Amazon Deforestation Up 6 Percent in 2004
Posted on: Thursday, 19 May 2005, 06:50 CDT
BRASILIA, Brazil (AP) -- Deforestation in the Amazon rain forest in 2004 was the second worst ever, figures released by the Brazilian government showed Wednesday.
Satellite photos and data showed that ranchers, soybean farmers and loggers burned and cut down a near-record area of 10,088 square miles of rain forest in the 12 months ending in August 2004, the Brazilian Environmental Ministry said.
The destruction was nearly 6 percent higher than in the same period the year before, when 9,500 square miles were destroyed.
The deforestation hit record numbers in 1995, when the Amazon shrank a record 11,200 square miles, an area roughly the size of Belgium or the American state of Massachusetts.
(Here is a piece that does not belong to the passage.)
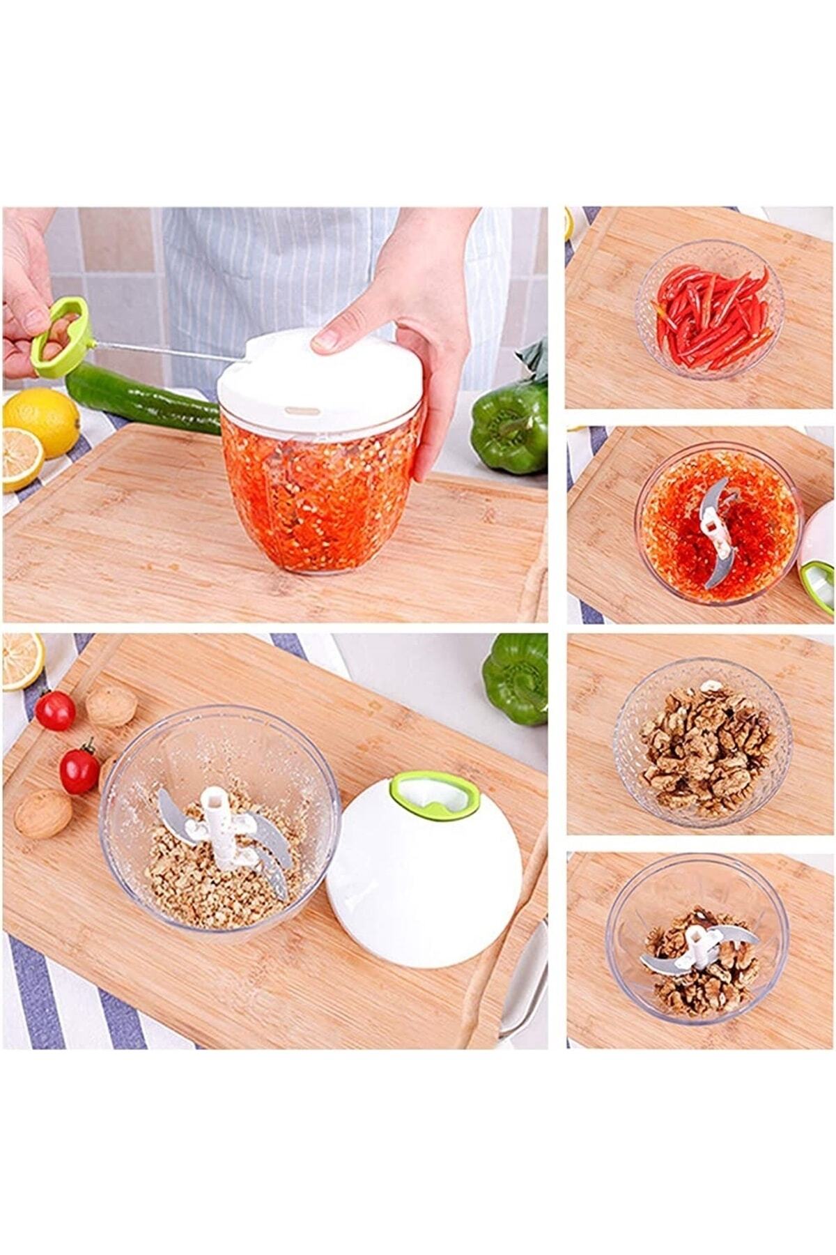 5 Bıçaklı İpli El Rondosu | Doğrayıcı Meyve, Sebze, Soğan Doğrama. ; Çek bırak pratik doğrayıcı sebzelerinizi hızlı ve kolayca kesebilmenizi sağlayan 5'lü bıçak yapısı ve kullanım kolaylığı sağlayan ipli döner mekanizması sayesinde lezzetli tatlar üretebilirsiniz. ; Farklı malzemeler kullanarak birbirinden güzel soslar hazırlayabilirsiniz. Birkaç saniyede soğan, sarımsak, havuç ve daha fazlasını doğrayabilirsiniz. ; Kompakt ve hafif yapısı sayesinde mutfağınızda çok az yer kaplar. ARVALE HOME. Temizliği çok kolaydır, bulaşık makinesinde ve elde yıkamaya uygun. ; Kamp, karavan, seyahat vb. durumlarda rahatlıkla yanınızda taşıyabilirsiniz. Ergonomik tasarımı sayesinde taşıması kolay. ; Sos hazırlama, kuruyemişleri öğütme, sebze doğrama vb. kullanımlar için uygundur. ; Ürünlerinizi öğütmek ve doğramak için elektiriğe ihtiyaç duymaz her an kullanabilirsiniz. ; Paslanmaz çelik bıçakları uzun ömürlüdür. ARVALE HOME. ; Ürün Özellikleri: - Kaliteli plastik gövde - Paslanmaz çelik bıçak. ; Ürün boyutları: 11 cm x 15 cm. ;

The Amazon forest - which sprawls over 1.6 million square miles and covers more than half the country - is a key component of the global environment. The jungle is sometimes called the world's "lung" because its billions of trees produce oxygen and absorb carbon dioxide from the atmosphere.
Environmentalists were shocked with the new figures, which were announced nearly a year after the Brazilian government announced a $140 million package to curtail destruction.
"It's a tragedy, a demonstration that more needs to be done by the government," said Paulo Adario, the head of Greenpeace's Amazon program. "Clearly, Amazon deforestation is not one of the government's priority right now."
Government officials were expecting an increase in destruction of only about 2 percent.
"We will intensify our actions to fight illegal deforestation in the most critical areas," Environment Minister Marina Silva said in a statement.
She noted that deforestation in several Amazon states decreased compared to the previous period thanks to the government's efforts to implement "more lasting and effective" measures.
Brazil's rain forest is as big as western Europe and covers 60 percent of the country's territory. Experts say as much as 20 percent of its 1.6 million square miles has already been destroyed by development, logging and farming.
Last year, the government announced that 9,170 square miles of rain forest had vanished in 2003, but on Wednesday it corrected the figure to 9,500 square miles.